Below, we get to shooting these masterpieces. The first target is rapid fire from the Glock at 15 yards. Now, I have to admit I haven't fired this beast for three years, so the addition oomph did toss me a bit left. Perfectly correctable.
 The rapid fire group from the M&P. I admit, I have fired a lot of rounds from this piece.

 Rapid fire group from low ready, head shots at ten yards with the Glock. Very decent group. (Don't worry about the left sided group, that is correctible and easy!
 Rapid fire group form the M&P and you see they are right in there. But then, I shoot this gun often...
 A magazine each from both guns. 10 yards, as fast as I can fire and hold the sights. It is impossible to determine which gun hit where. But does it matter?
 It does. Let me explain. First I have to say that the 9mm and .357 Sig rounds below have radically different recoil postures. Comparatively, the 9mm is easy to shoot. The .357 you hold onto, with meaning, if you want fast follow up shots. For general law enforcement work, I don't believe there is a better round than the .357 SIG. It is superior in every way to the 9, 40, and 45. (I love hate mail)
But. Here is my take. Forget the caliber issue. With modern bullets design and proper placement, both these calibers are generating stellar records in the field. As far as which gun is better, I choose (breaking my own heart) the S&W M&P. Both guns are twins in size. In any comparison they are virtually the same except in one. The grip angle. The Smith sports an 18 degree grip angle, and it makes all the difference.
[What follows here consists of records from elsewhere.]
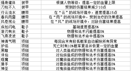 装备分为法宝、头饰、项链、披甲、腰带和鞋子;法宝基础属性为攻击、仙力和五行;头饰为魔法和血量;项链为仙力和魔法;披甲为耐力和速度;腰带为血量和耐力;鞋子为速度和攻击。
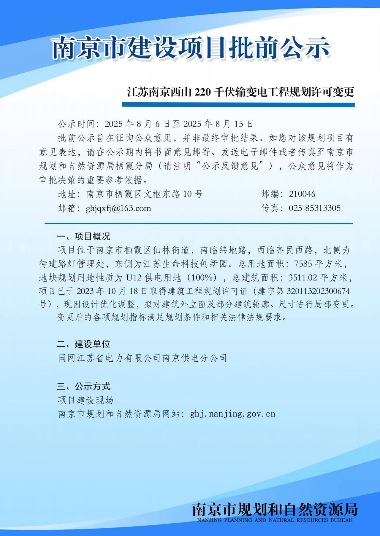 江苏南京西山220千伏输变电工程规划许可变更批前公示
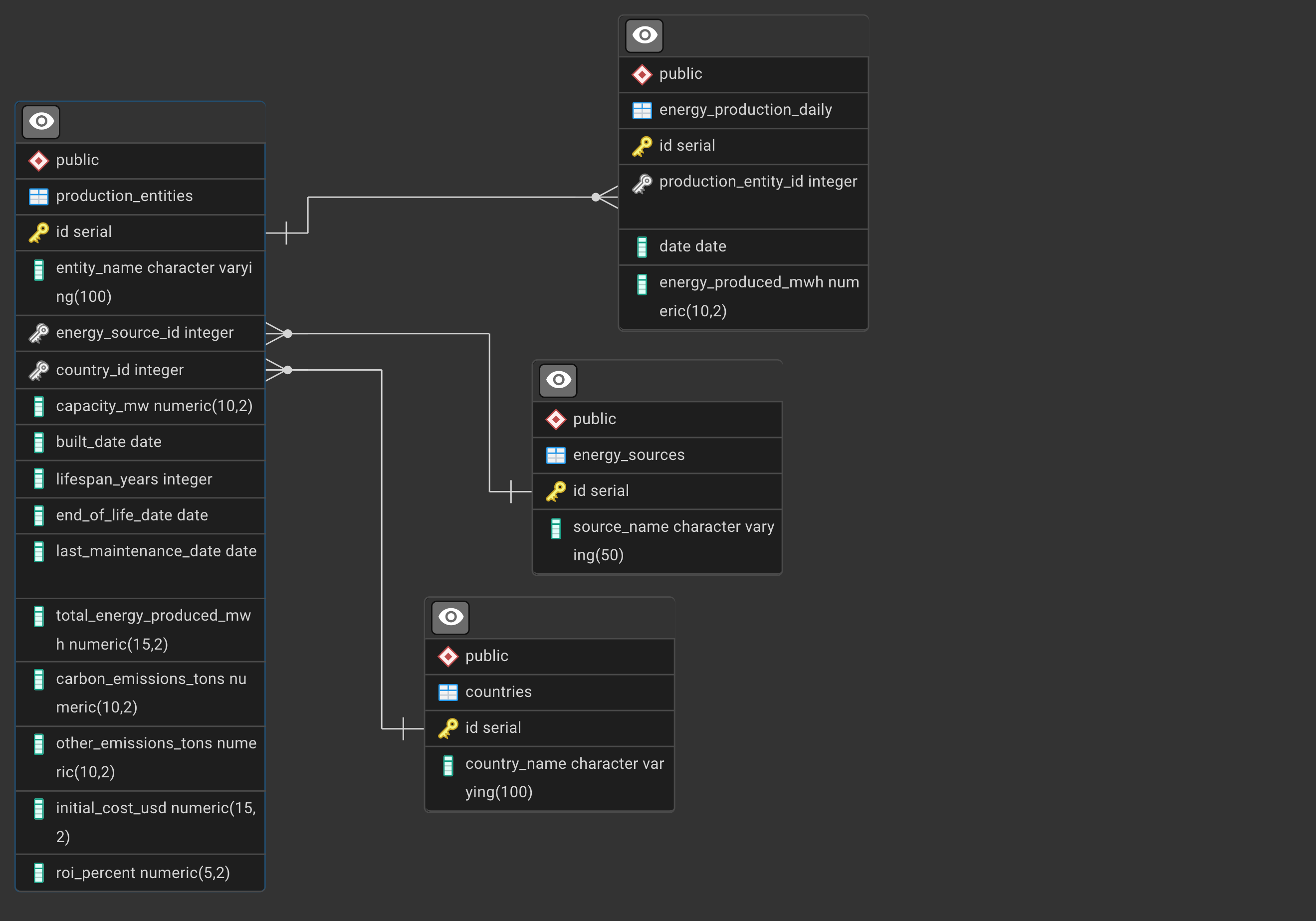 See how the database was created with PL/pgSQL functions: Crearing the Energy Production Database for an explanation.
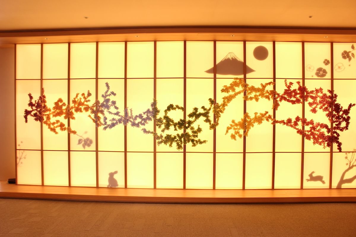 また、ロビー入口でぜひ注目してほしいのが、こちらの影絵。切り絵作家・水口ちはる氏の温かい切り絵の壁に、花和紙が飾られています。こちらも季節ごとに切り絵部分が変わるとのことで、季節の移り変わりをここでも感じられます。
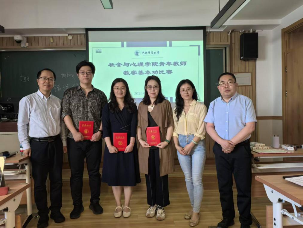 比赛分两组进行,社会学组和心理学组分别在主教213、图配楼417会议室进行比赛。学院共有6位青年教师参加,其中社会学系教师3位,心理学系教师3位。学院党委副书记窦东徽副教授、副院长张红川副教授、副院长王建民教授等学院领导以及各系系主任作为比赛评委,全程参加和观摩了比赛。

It is so much more instinctive than the Glock, that I was swayed the first 15 rounds I ever fired through it. Secondly, in every training session I have ever been in that required more than 200 rounds, I got a sore on my middle finger mid knuckle from the Glock, and also on the lower part of my trigger finger. (now, I realize that my duty Glock is a 3rd gen so has no grip adjustments)
But this M& is flawless. It hasn't had a single malfunction in some 7800 rounds, (nor, if I can recall, has my Glock 31 in about the same number) and it is as easy to shoot, and as fast back on target as any gun I have ever picked up. For me, a 30 year Glock/Amoroer/SWAT/DyedinthewoolGlockDude to jump ship like this has got to mean something.
I don't own stock in S&W, but I should. Because of this experience, I bought a Shield. Same thing. Shootability I hadn't experienced before. They are Wow!
As I always say, try both, and takes your pick! I took mine!